Но я настаивал на своем; я решил не обуздывать себя в своих мыслях о будущем, и когда она наконец поверила мне, или же просто-напросто сдалась под моим натиском, или же и то и другое, первым делом я посоветовал ей подписать документ, который поставил бы точку на моей жизни в Америке до тех пор, пока Феба не достигнет возраста, позволяющего ей иметь право голоса на выборах. Конечно, ситуация разворачивалась не так, как я предполагал, и я серьезно задумался о том, каким образом переезд в Англию повлияет на мое творчество, но война в суде за право опекунства была бы ужаснее по многим причинам; я также полагал, что два-три года спустя, когда накал страстей по поводу развода ослабеет, а Феба подрастет и начнет ходить в школу, когда ее бывший муж снова женится и заведет нового ребенка в другом браке, можно будет снова вернуться к условиям договора.
— А если нет?
— Посмотрим, — отвечал я ей, — поживем два-три года в Лондоне, он успокоится, и все решится само собой.

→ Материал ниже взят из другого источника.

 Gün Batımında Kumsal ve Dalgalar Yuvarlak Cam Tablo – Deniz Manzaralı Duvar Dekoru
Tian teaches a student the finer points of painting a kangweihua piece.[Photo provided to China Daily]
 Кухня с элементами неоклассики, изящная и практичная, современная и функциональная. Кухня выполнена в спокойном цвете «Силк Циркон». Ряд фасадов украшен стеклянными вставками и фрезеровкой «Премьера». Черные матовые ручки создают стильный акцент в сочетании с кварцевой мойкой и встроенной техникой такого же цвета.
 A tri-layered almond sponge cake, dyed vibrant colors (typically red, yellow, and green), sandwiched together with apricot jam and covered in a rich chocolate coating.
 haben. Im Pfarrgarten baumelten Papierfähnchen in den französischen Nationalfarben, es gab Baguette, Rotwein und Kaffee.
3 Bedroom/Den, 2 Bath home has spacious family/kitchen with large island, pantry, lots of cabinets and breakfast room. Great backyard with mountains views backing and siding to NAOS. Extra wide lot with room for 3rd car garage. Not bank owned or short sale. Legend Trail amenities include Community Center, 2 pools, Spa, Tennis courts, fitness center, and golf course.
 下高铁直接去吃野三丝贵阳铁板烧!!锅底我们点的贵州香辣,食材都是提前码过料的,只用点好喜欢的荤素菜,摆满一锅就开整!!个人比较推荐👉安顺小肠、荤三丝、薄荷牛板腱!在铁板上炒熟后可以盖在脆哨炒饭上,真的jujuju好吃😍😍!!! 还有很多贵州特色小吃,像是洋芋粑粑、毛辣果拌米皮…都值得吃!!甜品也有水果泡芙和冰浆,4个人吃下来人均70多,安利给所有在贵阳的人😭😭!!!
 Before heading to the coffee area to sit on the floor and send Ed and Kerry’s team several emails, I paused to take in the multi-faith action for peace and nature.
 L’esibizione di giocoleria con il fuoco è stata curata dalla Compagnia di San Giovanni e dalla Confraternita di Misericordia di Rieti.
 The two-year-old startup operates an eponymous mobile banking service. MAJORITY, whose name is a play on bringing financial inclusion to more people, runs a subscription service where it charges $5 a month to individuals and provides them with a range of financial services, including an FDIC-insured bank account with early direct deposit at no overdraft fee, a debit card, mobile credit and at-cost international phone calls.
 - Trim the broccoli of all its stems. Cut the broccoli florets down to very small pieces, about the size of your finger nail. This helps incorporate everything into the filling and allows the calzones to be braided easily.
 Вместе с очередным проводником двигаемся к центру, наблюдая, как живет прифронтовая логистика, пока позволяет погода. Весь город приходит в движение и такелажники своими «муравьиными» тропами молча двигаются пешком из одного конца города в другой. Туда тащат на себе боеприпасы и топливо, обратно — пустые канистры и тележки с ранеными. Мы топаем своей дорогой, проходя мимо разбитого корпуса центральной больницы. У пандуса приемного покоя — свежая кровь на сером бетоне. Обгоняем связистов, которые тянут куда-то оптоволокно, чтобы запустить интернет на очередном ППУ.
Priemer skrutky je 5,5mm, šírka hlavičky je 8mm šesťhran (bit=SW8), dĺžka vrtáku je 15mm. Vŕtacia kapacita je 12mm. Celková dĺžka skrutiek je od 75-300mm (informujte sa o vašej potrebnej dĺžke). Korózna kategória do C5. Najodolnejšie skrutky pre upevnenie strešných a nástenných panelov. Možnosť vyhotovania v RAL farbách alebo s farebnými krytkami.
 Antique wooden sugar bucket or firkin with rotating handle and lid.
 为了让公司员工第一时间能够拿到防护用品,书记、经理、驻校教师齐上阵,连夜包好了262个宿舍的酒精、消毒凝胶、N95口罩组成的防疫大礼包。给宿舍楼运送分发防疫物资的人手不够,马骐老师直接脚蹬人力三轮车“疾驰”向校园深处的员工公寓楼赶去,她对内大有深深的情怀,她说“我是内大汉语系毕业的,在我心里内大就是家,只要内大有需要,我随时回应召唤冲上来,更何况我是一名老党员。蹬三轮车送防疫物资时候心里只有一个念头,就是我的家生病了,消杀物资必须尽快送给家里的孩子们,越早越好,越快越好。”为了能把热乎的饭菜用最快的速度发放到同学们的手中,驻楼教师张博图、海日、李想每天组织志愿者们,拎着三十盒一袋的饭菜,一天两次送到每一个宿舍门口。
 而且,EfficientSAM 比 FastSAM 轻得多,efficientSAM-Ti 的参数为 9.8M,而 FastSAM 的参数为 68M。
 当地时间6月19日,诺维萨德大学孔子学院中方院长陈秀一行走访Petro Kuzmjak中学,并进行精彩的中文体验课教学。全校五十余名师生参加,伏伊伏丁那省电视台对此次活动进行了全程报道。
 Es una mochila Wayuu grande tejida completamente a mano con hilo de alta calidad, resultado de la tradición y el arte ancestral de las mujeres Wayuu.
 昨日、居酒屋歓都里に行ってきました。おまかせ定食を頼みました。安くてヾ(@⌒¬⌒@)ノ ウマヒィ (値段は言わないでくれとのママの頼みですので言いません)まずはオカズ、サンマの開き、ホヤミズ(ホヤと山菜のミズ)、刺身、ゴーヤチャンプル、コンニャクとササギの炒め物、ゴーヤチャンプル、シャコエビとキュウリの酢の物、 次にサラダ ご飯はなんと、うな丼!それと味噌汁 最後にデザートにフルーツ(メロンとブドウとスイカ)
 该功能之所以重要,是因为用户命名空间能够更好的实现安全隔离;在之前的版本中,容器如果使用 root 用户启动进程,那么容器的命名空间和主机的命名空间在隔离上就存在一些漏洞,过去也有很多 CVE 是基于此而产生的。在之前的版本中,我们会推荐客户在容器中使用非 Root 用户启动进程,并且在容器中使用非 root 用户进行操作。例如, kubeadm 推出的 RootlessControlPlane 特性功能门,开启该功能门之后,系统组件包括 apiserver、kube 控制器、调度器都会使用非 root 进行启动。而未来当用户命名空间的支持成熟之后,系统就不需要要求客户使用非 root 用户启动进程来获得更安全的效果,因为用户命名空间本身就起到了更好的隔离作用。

— Правда? Ты так думаешь? Неужели хоть когда-нибудь наступит этот час? Я даже думать боюсь, что может произойти, если жизнь в Лондоне пойдет совсем не так из-за твоих радужных фантазий о семейном счастье.
Когда Мария бросилась защищать Израиль от других гостей, также приглашенных на обед, которые, нападая на «происки сионизма», предполагали, что я в ответе за все мыслимые и немыслимые преступления евреев, я задал себе вопрос, что именно руководило ею: быть может, она больше боялась за нашу судьбу в Англии, чем за репутацию еврейского государства? Иначе мне было трудно понять, почему человек, всей душой ненавидящий лобовую конфронтацию, оборачивающуюся адом кромешным, и презирающий любые ситуации, требующие повышения голоса, вдруг бросается в атаку и становится главным арбитром в дискуссии на тему, никогда ранее его не интересовавшую. Больше всего она занималась еврейскими проблемами и отношениями евреев с нееврейским миром в более интимной обстановке — в нашей маленькой спальне на Манхэттене, где она поведала мне, как ей живется в «еврейском городе».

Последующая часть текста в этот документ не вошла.